Analytische Modelle und Simulationsmodelle sind ein weiteres Hilfsmittel für Effizienzbetrachtungen. Simulationssprachen und Simulationssysteme stehen zwar zur Verfügung, Aufwand, Unsicherheit über die Gültigkeit der gewonnenen Aussagen und fehlendes Know-how verurteilen diese jedoch vorläufig zu einem Mauerblümchendasein.

Ein Blick auf den Markt zeigt, daß das Angebot an Instrumenten zur Leistungsmessung reichhaltig und qualitativ sehr zufriedenstellend ist.

Rechenzentren, die bereits Monitore verwenden, melden erstaunliche Erfolge von der Tuning-Front.

Ein Blick in die Monitoring-Praxis zeigt jedoch, daß dies nur die Spitze eines Eisbergs zu sein scheint, in dem noch gewaltige Rationalisierungs-Reserven schlummern.

Denn: Die Instrumente für Leistungsmessung und Tuning sind zwar vorhanden, es fehlt jedoch an der Methodik, die es dem Anwender gestatten würde, seine Situation systematisch zu analysieren und Schwachstellen zu beseitigen. Eine solche Methodik müßte dem Anwender Hilfestellung geben von der Auswahl der Meßgrößen und Meßpunkte bis hin zu Gestaltungsempfehlungen für seine speziellen Anforderungen. Das Ziel-/Leistungs-/Kostenprofil des individuellen Rechenzentrums wäre zu berücksichtigen, um Subsystemoptimierung zu verhindern. Programm-Tuning führt zum Beispiel früher oder später unweigerlich zu Konflikten mit modernen Programmiertechniken.

Ebenfalls mit einzubeziehen wäre eine ständige Beobachtung der Hardware- und Software-Entwicklungstendenzen, denn neue Hardware-Komponenten, neue Compiler oder Betriebssystemwechsel stellen den einmal aus einer Vielzahl von Beobachtungen und Messungen gewonnenen Satz von Tuning-Regeln ständig in Frage. Schließlich sind als Rahmen des Ganzen differenzierte Aussagen zur Wirtschaftlichkeit und Wirksamkeit von Monitoring und Tuning zu fordern.

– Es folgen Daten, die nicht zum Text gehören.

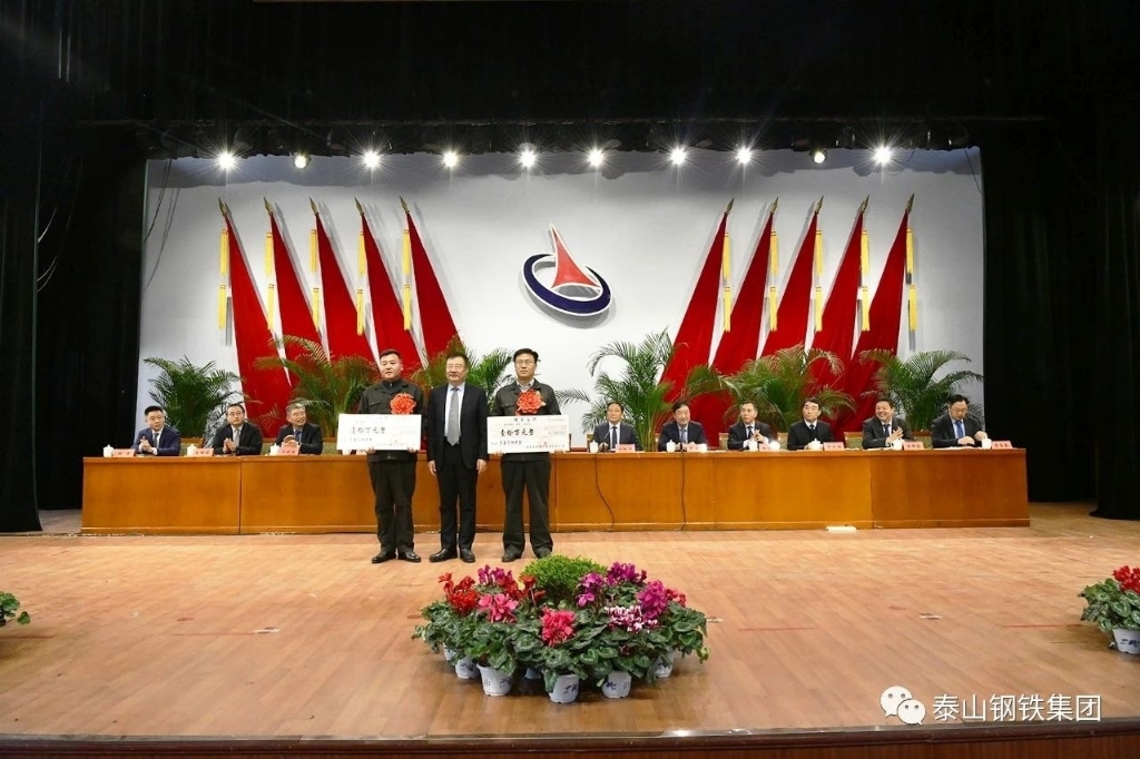 今天的中心会堂气氛庄重热烈,主席台上方悬挂着“山东泰山钢铁集团有限公司2023年度总结表彰大会”的会标,帷幕正中的厂标在鲜艳的红旗映衬下熠熠生辉。

Trotz der fehlenden Methodik lassen sich jedoch aus der Beobachtung der Tuning-Szene einige Empfehlungen ableiten:

- Die mit den Logdaten vorliegende Information wird oft nicht erschöpfend ausgewertet. Vor dem Einsatz eines Monitors sollte stets die gründliche Analyse der Logdaten stehen. Danach können wenn notwendig, gezielte Messungen mit einem Monitor durchgeführt werden.

- Das oberste Gebot für alle Effizienzmessungen und Tuningmaßnahmen ist die peinlich genaue Dokumentation der Ausgangsbedingungen, Meßergebnisse und Veränderungen.

Es ist zu empfehlen, ein Tuning-Logbuch zu führen, an Hand dessen man verfolgen kann, wie man zu den "optimalen" Werten für Systemparameter kam.

- Der erste Schritt des Monitoring und Tuning sollte darauf zielen, Konfliktsituationen, wie etwa Thrashing oder Contention, zu vermeiden, also einen störungsfreien Betriebsablauf zu erreichen.

Die schönsten Früchte sind sicherlich durch Tuning von Anwendungsprogrammen zu ernten. Ungeklärt ist nur noch, ob der Chef-Optimierer dem strukturierenden und modularisierenden Chef-Programmierer danach noch in die Augen sehen kann.